我在@aditya Prakash appraoch 之上构建了我的解决方案:

 print(re.search("^([1-9]|0[1-9]|1[0-9]|2[0-9]|3[0-1])(\.|-|/)([1-9]|0[1-9]|1[0-2])(\.|-|/)([0-9][0-9]|19[0-9][0-9]|20[0-9][0-9])$|^([0-9][0-9]|19[0-9][0-9]|20[0-9][0-9])(\.|-|/)([1-9]|0[1-9]|1[0-2])(\.|-|/)([1-9]|0[1-9]|1[0-9]|2[0-9]|3[0-1])$",'01/01/2018'))

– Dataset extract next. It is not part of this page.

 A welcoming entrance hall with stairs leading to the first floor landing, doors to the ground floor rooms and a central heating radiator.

The first part (^([1-9]|0[1-9]|1[0-9]|2[0-9]|3[0-1])(\.|-|/)([1-9]|0[1-9]|1[0-2])(\.|-|/)([0-9][0-9]|19[0-9][0-9]|20[0-9][0-9])$) can handle the following formats:

第一部分 ( ^([1-9]|0[1-9]|1[0-9]|2[0-9]|3[0-1])(\.|-|/)([1-9]|0[1-9]|1[0-2])(\.|-|/)([0-9][0-9]|19[0-9][0-9]|20[0-9][0-9])$) 可以处理以下格式:

  • 01.10.2019
  • 1.1.2019
  • 1.1.19
  • 12/03/2020
  • 01.05.1950
  • 01.10.2019
  • 1.1.2019
  • 1.1.19
  • 12/03/2020
  • 01.05.1950

The second part (^([0-9][0-9]|19[0-9][0-9]|20[0-9][0-9])(\.|-|/)([1-9]|0[1-9]|1[0-2])(\.|-|/)([1-9]|0[1-9]|1[0-9]|2[0-9]|3[0-1])$) can basically do the same, but in inverse order, where the year comes first, followed by month, and then day.

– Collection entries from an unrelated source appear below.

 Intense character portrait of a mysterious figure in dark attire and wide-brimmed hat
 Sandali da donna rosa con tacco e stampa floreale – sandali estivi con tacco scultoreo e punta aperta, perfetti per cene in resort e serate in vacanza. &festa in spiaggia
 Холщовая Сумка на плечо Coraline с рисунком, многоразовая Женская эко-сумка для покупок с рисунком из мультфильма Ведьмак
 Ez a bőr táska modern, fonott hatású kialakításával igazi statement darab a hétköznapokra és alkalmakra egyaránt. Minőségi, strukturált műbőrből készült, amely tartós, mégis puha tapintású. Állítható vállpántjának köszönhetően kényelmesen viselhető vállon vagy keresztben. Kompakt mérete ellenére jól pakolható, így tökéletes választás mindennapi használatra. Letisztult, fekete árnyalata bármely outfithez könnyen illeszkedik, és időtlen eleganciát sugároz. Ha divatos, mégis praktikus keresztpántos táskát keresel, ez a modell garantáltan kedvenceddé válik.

第二部分 ( ^([0-9][0-9]|19[0-9][0-9]|20[0-9][0-9])(\.|-|/)([1-9]|0[1-9]|1[0-2])(\.|-|/)([1-9]|0[1-9]|1[0-9]|2[0-9]|3[0-1])$) 基本上可以做同样的事情,但顺序相反,先是年,然后是月,然后是日。

  • 2020/02/12
  • 2020/02/12

As delimiters it allows ., /, -. As years it allows everything from 1900-2099, also giving only two numbers is fine.

作为分隔符,它允许 .、/、-。作为年份,它允许从 1900 年到 2099 年的所有内容,也可以只提供两个数字。

If you have suggestions for improvement please let me know in the comments, so I can update the answer.

如果您有改进建议,请在评论中告诉我,以便我更新答案。